The Powerhouse is now a multi purpose centre for the arts, housing the 536-seat Powerhouse Theatre, the 200-seat Visy theatre, Turbine Hall, outdoor plaza, green spaces, rooftop terrace, bar, restaurant and plays host to weekend farmers' markets. The Powerhouse Theatre can be configured in different modes which provides more seating or more performance space as required. The venue continues to commission and develop projects in all areas of the visual and performing arts as well as provide workshops for children and the community including the ability to hold multiple functions such as weddings, corporate meets and special events (i.e.: Birthdays, engagements).

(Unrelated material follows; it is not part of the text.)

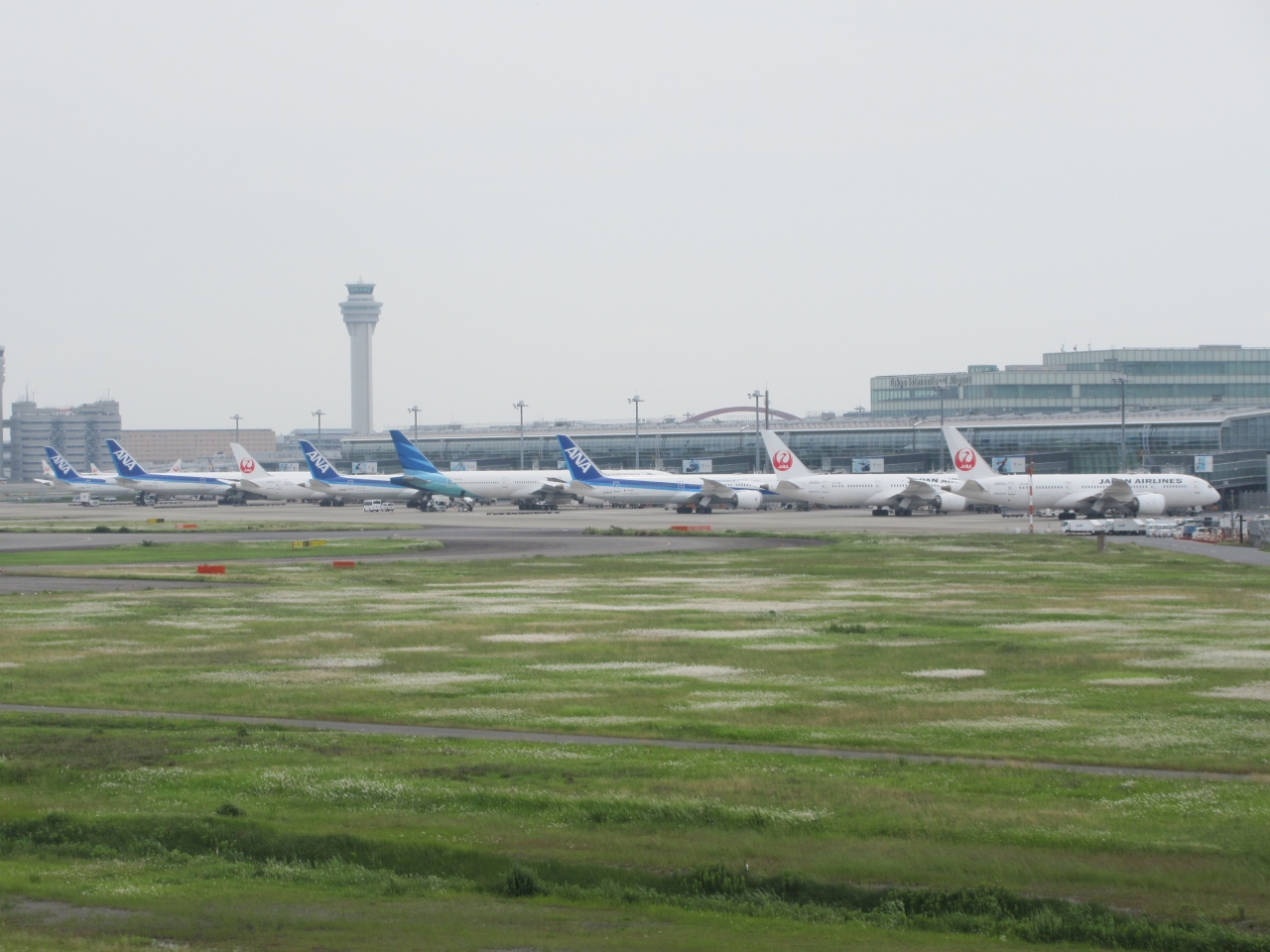 日本の空の玄関口・羽田空港で飛行機の離発着を見学する時は、これまで各ターミナルにある展望デッキを利用していましたが、今回初めてHaneda innovation cityの足湯デッキから見学しました。展望デッキからほど近くから見学することはできませんが、足湯に浸かりながら座ってのんびり離発着する飛行機や待機中の飛行機を眺めることができました。コロナの影響で離発着する飛行機は少なかったですが、ゲートに整然と並ぶ多くの飛行機を見ることができました。Innovation cityがまだ建設途中ということもあり、足湯は空いていました。羽田空港を眺める隠れたスポットと言えます。

==World Theatre Festival==

The Powerhouse hosted the World Theatre Festival (WTF) annually from 2010 until 2016. (Note: There is no mention of the festival in the annual reports beyond 2016.) The 2016 event included 12 events over nine days in February.

It was described in a local event guide as "a festival of contemporary performance which runs alongside the Australian Performing Arts Market (APAM) in 2016 and 2018". Over the years, the festival included performances by Belarus Free Theatre, Gob Squad (UK/Germany), Colman Domingo Productions (USA), and Marrugeku, Company 2, The Suitcase Royale and Snuff Puppets from Australia, as well as others from countries including Ireland, New Zealand, Malaysia, Italy, India and Belgium.